In 2016, Symantec purchased identity theft protection firm LifeLock for $2.3 billion, despite the company's somewhat checkered past. That included claims that the company could prevent identity theft, backed by a failed stunt by then-LifeLock CEO Todd Davis, who used his own Social Security number in advertisements, leading him to suffer 13 identity theft incidents. The company ultimately settled with the U.S. Federal Trade Commission (see: LifeLock Settles FTC Case for $100 Million).
For many industry watchers, however, Symantec arguably never recovered from its attempt to mash up its own security business with a major storage play.
In 2005, Symantec - then helmed by John Thompson - acquired storage vendor Veritas for $13.5 billion. But the supposed benefits of combining a storage firm and a security firm failed to materialize, leading to the company chewing through CEOs at an alarming pace. The refrain from many investors was clear: Ditch Veritas.
But this didn't come to pass until August 2015, when Symantec first promised to spin off Veritas as a storage business, before changing gears and offloading Veritas for $8 billion in cash to The Carlyle Group, an asset management firm.

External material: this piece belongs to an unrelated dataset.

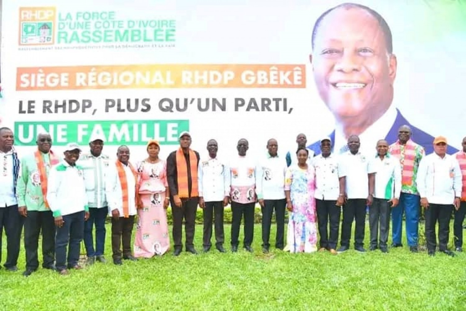 Ici, dans le Gbêkê, le RHDP n'a pas d'adversaires, car le Président Alassane Ouattara lui-même a déjà battu notre campagne, au regard des nombreux investissements réalisés pour le compte de nos populations (...) Le danger pourrait seulement venir de notre propre camp si nous ne sommes pas unis et cela n'est ni souhaité par le Président de la République, ni par nous-mêmes qui avons intérêt à remporter ces joutes électorales pour que le Président Ouattara soit fier du dynamisme de notre Parti dans le Gbêkê...» a indiqué le candidat au scrutin régional dans le Gbêkê Assahoré Konan Jacques qui a appelé les membres de sa famille politique « à la cohésion et à l’union autour de notre objectif commun : faire du RHDP le Parti majoritaire dans le Gbêkê dès aujourd’hui et tout au long des décennies à venir.»

Industry Consolidation Continues
Broadcom's Symantec acquisition is part of a wave of continuing cybersecurity industry consolidation large and small. Last month, private-equity firm Thoma Bravo said it would further bolster its cybersecurity holdings by bagging British security company Sophos in a $3.9 billion deal. Sophos is one of the 30 best-known anti-virus vendors, per testing firm AV Comparatives.
On Sunday, the Sunnyvale, California-based email security firm Proofpoint announced that it has reached a definitive agreement to acquire ObserveIT and its insider threat management platform for $225 million.